I have been trying to establish my endpoint through AWS. I tested handler.py locally, and it works just fine. but the deployment keeps failing by getting FileNotFoundError. Why can’t it read the files correctly here?
My repo structure:
├── floortrans
│ ├── loaders ...
│ ├── losses ...
│ └── models
| ├── __init__.py
| ├── hg_furukawa_original.py
| ├── model_1427.pth # model weights1, git-lfs
| |__ model_1427.py
├── model_best_val_loss_var.pkl # model weights2, git-lfs
├── requirements.txt
└── handler.py
Error Msg from logs:
dbnn7 2023-03-18T23:43:30.638Z File "/repository/floortrans/models/hg_furukawa_original.py", line 238, in init_weights
dbnn7 2023-03-18T23:43:30.638Z File "/repository/handler.py", line 74, in __init__
dbnn7 2023-03-18T23:43:30.638Z FileNotFoundError: [Errno 2] No such file or directory: './floortrans/models/model_1427.pth'
dbnn7 2023-03-18T23:43:30.638Z File "/opt/conda/lib/python3.9/site-packages/torch/serialization.py", line 594, in load
dbnn7 2023-03-18T23:43:30.638Z Traceback (most recent call last):
dbnn7 2023-03-18T23:43:30.638Z super(_open_file, self).__init__(open(name, mode))

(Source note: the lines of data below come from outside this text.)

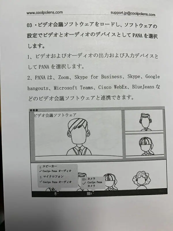 | 互換性 | Zoom、Skype for Business、Skype、Google hangouts、Microsoft Teams、Cisco WebEx、BlueJeans など | |
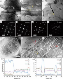 TEM results of the Al0.5CoCuFeMn alloys. (a) TEM bright-field image, (b–c) for the higher magnification corresponding to the white box in (a), (e–h) the selected area diffraction pattern of corresponding yellow circle region, (i) dark field image, (j–k) for the higher magnification corresponding in (i), (l–m) EDS line scanning results for the red line area. [1]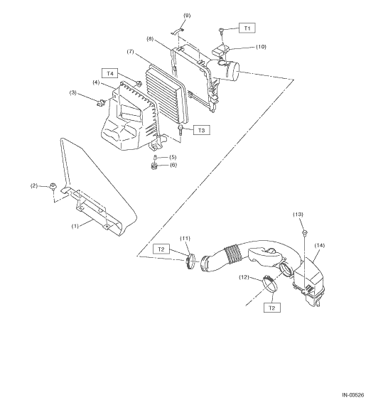 (3) | Cushion | (10) | Mass air flow and intake air temperature sensor | T2: | 3 (0.3, 2.2) |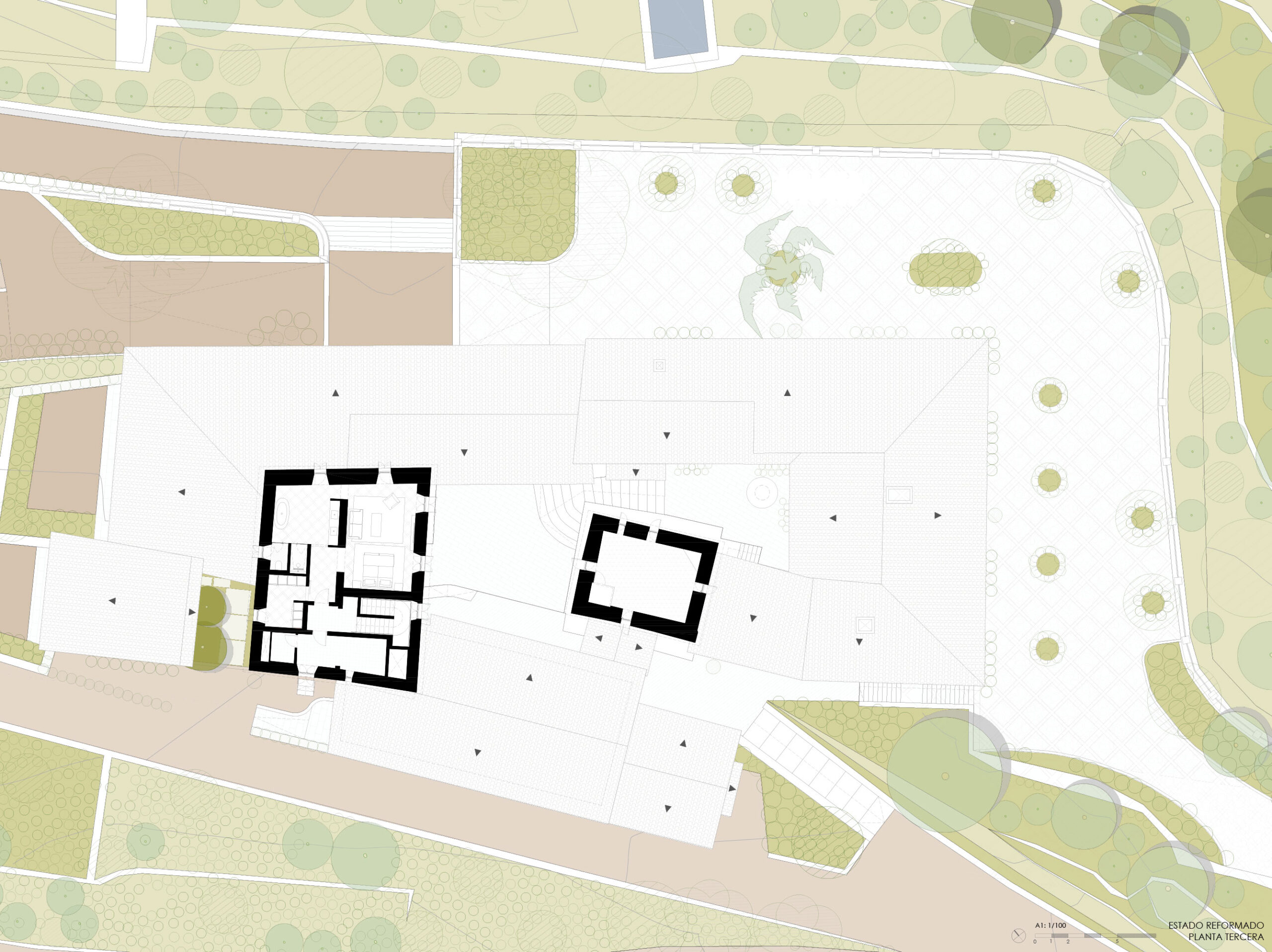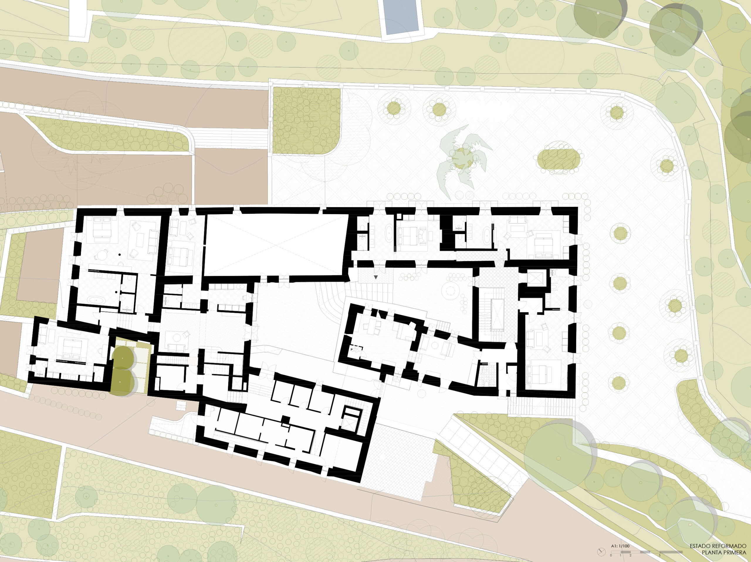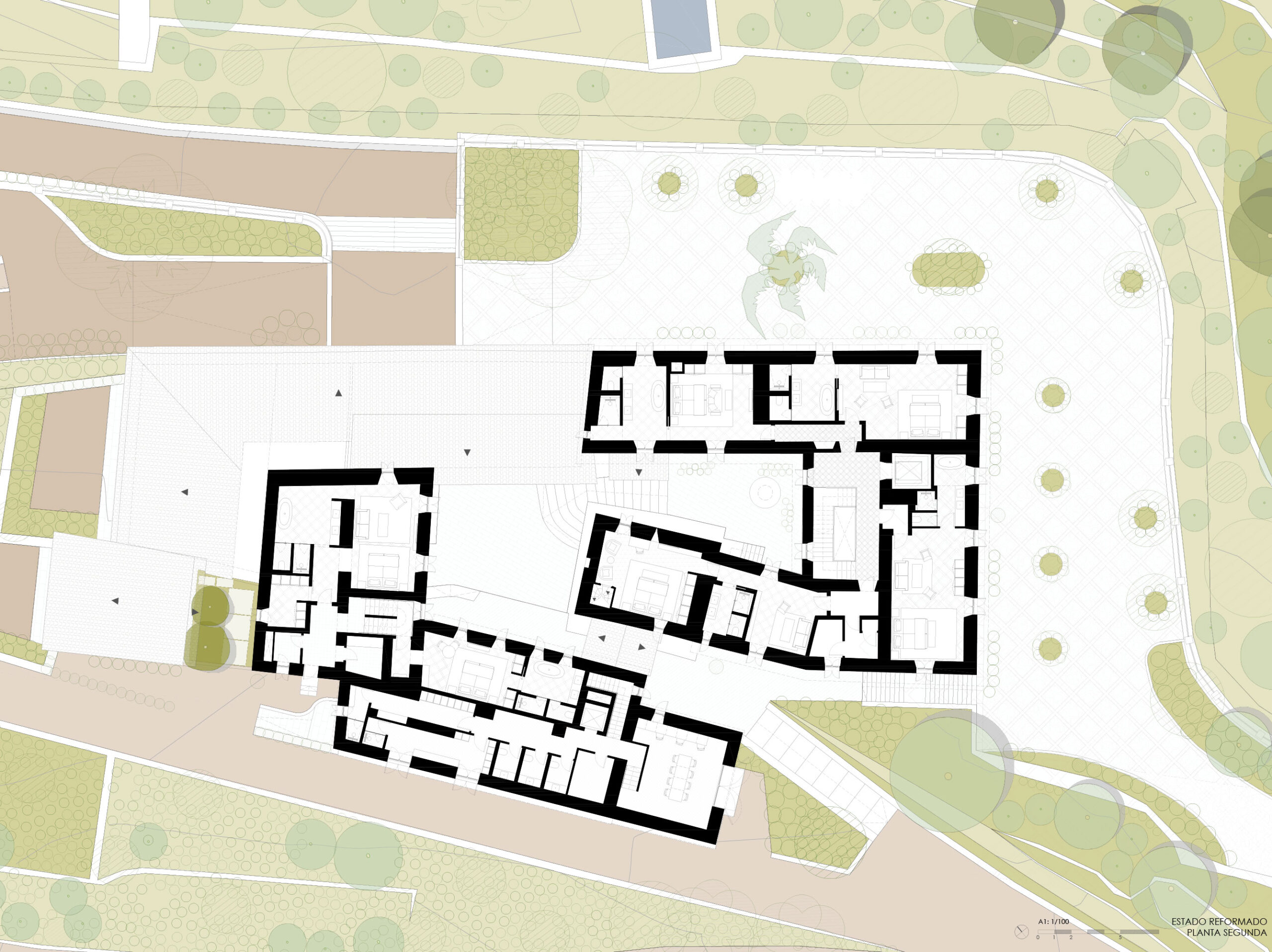The landscape design of the central courtyard, gardens and terraces prioritizes native vegetation and respects the original layout of stone pavements, wells and traditional hydraulic elements. The result is a coherent and restrained intervention that understands architecture as a continuation of the territory: a contemporary refuge rooted in history, where built form, landscape and memory converge in quiet balance.

dbnn7 2023-03-18T23:43:30.638Z File "/opt/conda/lib/python3.9/site-packages/torch/serialization.py", line 230, in _open_file_like
dbnn7 2023-03-18T23:43:30.638Z File "/app/./webservice_starlette.py", line 56, in some_startup_task
dbnn7 2023-03-18T23:43:30.638Z await self._router.startup()
dbnn7 2023-03-18T23:43:30.638Z File "/opt/conda/lib/python3.9/site-packages/starlette/routing.py", line 671, in lifespan
dbnn7 2023-03-18T23:43:30.638Z return _open_file(name_or_buffer, mode)
dbnn7 2023-03-18T23:43:30.638Z custom_pipeline = handler.EndpointHandler(model_dir)
dbnn7 2023-03-18T23:43:30.638Z File "/opt/conda/lib/python3.9/site-packages/starlette/routing.py", line 566, in __aenter__
dbnn7 2023-03-18T23:43:30.639Z Application startup failed. Exiting.
Handler.py :
class EndpointHandler:
def __init__(self, path="."):
# load the model
device, split, model = load_model()
self.model = model
self.device = device
self.split = split
def __call__(self, data: Any) -> List[List[Dict[str, float]]]:
inputs = data.pop("inputs", data)
coors_info= get_Image_Seg(inputs, self.device, self.split, self.model)
return coors_info
Another question: Isn’t there anyway to reboot my endpoint so that I can test my model changes, or do I have to delete it and recreate another one each time?